22 Year2 38 44849 14114 2302. 11652
23 Year2 40 104407. 42545 6240 63318.
24 Year2 41 99059. 38423 6766. 58017
25 Year2 42 NA 40432. NA 57932.
26 Year2 44 49119. 8796. 4769. 11233.
dput(df)
structure(list(Year = c("Year1", "Year1", "Year1", "Year1", "Year1",
"Year1", "Year1", "Year1", "Year1", "Year1", "Year1", "Year1",
"Year2", "Year2", "Year2", "Year2", "Year2", "Year2", "Year2",
"Year2", "Year2", "Year2", "Year2", "Year2", "Year2", "Year2"
), Trial = c(2, 3, 5, 7, 9, 10, 11, 14, 15, 17, 18, 22, 22, 25,
26, 28, 30, 32, 33, 34, 36, 38, 40, 41, 42, 44), Group1 = c(346587.6667,
342573, 286285.3333, 234409.6667, 184733.3333, NA, 169620.3333,
107652, 88440, NA, 63622, 14143.33333, 279904, 200386, 157182.3333,
121122.3333, 25899.33333, 112090.6667, 108756, NA, 104827, 44849,
104407.3333, 99058.66667, NA, 49119.33333), Group2 = c(156266,
NA, 129257.3333, NA, 82943.66667, 81419.33333, 74688.33333, 48381.33333,
39807, 31608, 29236, 6365.666667, 102271, 78628.33333, NA, 54538,
16773, 51218.66667, 49311.33333, 49127.33333, 42650.66667, 14114,
42545, 38423, 40432.33333, 8795.666667), Group3 = c(34805.66667,
34651.66667, 29644.66667, 24535.66667, NA, 19461, 18065, 11941.33333,
10123.33333, 7926, 7444.333333, 1683.333333, 28221.33333, 21942,
18099.33333, 14532.33333, 489.3333333, 11297.66667, 10588.66667,
NA, 8567.666667, 2302.333333, 6240, 6765.666667, NA, 4769.333333
), Group4 = c(NA, 292000.6667, 252785.6667, NA, 170653, 167273.3333,
155442, 100076, 83137, 64551.33333, 58847.66667, 10888.66667,
138803.6667, NA, 91963.33333, 76422, NA, 71655.33333, 70167,
69195.33333, 63579.66667, 11652, 63317.66667, 58017, 57932.33333,
11232.66667)), class = c("spec_tbl_df", "tbl_df", "tbl", "data.frame"
), row.names = c(NA, -26L), spec = structure(list(cols = list(
Year = structure(list(), class = c("collector_character",
"collector")), Trial = structure(list(), class = c("collector_double",
"collector")), Group1 = structure(list(), class = c("collector_double",
"collector")), Group2 = structure(list(), class = c("collector_double",
"collector")), Group3 = structure(list(), class = c("collector_double",
"collector")), Group4 = structure(list(), class = c("collector_double",
"collector"))), default = structure(list(), class = c("collector_guess",
"collector")), skip = 1L), class = "col_spec"))
Basically, I need to fill the na values with the previous trial (trials in descending order).
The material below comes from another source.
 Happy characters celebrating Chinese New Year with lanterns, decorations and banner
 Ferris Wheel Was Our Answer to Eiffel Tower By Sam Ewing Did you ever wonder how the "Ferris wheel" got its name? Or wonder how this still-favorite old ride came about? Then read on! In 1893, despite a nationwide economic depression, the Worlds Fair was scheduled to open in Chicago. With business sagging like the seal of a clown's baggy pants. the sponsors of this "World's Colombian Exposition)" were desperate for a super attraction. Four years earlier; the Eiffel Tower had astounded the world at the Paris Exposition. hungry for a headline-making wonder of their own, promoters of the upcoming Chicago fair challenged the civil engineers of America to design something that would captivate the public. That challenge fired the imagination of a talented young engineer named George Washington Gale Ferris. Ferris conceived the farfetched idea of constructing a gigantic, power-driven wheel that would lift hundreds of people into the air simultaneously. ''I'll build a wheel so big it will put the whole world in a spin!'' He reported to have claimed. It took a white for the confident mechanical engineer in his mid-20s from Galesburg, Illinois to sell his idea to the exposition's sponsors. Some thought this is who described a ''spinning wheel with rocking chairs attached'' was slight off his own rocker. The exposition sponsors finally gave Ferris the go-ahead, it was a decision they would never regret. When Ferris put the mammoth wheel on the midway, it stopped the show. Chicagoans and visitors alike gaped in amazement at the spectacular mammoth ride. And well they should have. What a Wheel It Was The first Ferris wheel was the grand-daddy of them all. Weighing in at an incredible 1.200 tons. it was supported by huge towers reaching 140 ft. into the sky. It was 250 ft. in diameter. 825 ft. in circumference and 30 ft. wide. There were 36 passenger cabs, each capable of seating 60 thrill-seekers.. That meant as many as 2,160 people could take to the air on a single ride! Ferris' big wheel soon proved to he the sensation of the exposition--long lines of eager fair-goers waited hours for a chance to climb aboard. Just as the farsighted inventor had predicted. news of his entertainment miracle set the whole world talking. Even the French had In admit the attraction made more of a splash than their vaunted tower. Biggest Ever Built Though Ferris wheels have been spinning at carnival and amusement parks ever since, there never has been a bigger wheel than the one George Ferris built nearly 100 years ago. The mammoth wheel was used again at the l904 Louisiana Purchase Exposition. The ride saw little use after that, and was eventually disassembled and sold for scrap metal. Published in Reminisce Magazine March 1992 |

So for example, I need to fill row 6, column 3 with the data from row 6, column 4.
But that's not all. I need to create a row for days with missing trials, and then fill those rows with the last trial as well. This is the thing I'm getting hung up on. Is there a way to accomplish both of these?
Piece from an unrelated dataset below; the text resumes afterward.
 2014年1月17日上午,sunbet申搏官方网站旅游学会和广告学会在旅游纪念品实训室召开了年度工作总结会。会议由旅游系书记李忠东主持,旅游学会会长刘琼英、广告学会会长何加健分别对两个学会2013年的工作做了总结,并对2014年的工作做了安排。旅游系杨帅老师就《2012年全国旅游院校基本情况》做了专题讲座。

For example, I need to change tail(df) from A to B.
A.
Year Trial Group1 Group2 Group3 Group4
<chr> <dbl> <dbl> <dbl> <dbl> <dbl>
1 Year2 40 104407. 42545 6240 63318.
2 Year2 41 99059. 38423 6766. 58017
3 Year2 42 NA 40432. NA 57932.
4 Year2 44 49119. 8796. 4769. 11233.
B.
Year Trial Group1 Group2 Group3 Group4
<chr> <dbl> <dbl> <dbl> <dbl> <dbl>
1 Year2 40 104407. 42545 6240 63318.
2 Year2 41 99059. 38423 6766. 58017
3 Year2 42 49119. 40432. 4769. 57932.
4 Year2 43 49119. 40432. 4769. 57932.
5 Year2 44 49119. 8796. 4769. 11233.

You can use complete and fill with .direction = 'up'
library(dplyr)
library(tidyr)
df %>%
group_by(Year) %>%
complete(Trial = min(Trial):max(Trial)) %>%
fill(starts_with('Group'), .direction = 'up') %>%
ungroup
# A tibble: 44 x 6
# Year Trial Group1 Group2 Group3 Group4
# <chr> <dbl> <dbl> <dbl> <dbl> <dbl>
# 1 Year1 2 346588. 156266 34806. 292001.
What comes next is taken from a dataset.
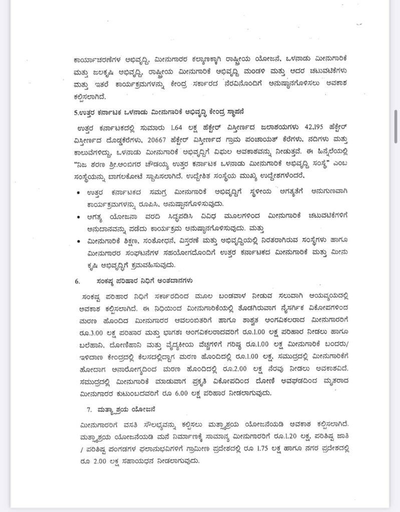 5.ಉತ್ತರ ಕರ್ನಾಟಕ ಒಳನಾಡು ಮೀನುಗಾರಿಕೆ ಅಭಿವೃದ್ಧಿ ಕೇಂದ್ರ ಸ್ಥಾಪನೆ

# 2 Year1 3 342573 129257. 34652. 292001.
# 3 Year1 4 286285. 129257. 29645. 252786.
# 4 Year1 5 286285. 129257. 29645. 252786.
# 5 Year1 6 234410. 82944. 24536. 170653
# 6 Year1 7 234410. 82944. 24536. 170653
# 7 Year1 8 184733. 82944. 19461 170653
# 8 Year1 9 184733. 82944. 19461 170653
# 9 Year1 10 169620. 81419. 19461 167273.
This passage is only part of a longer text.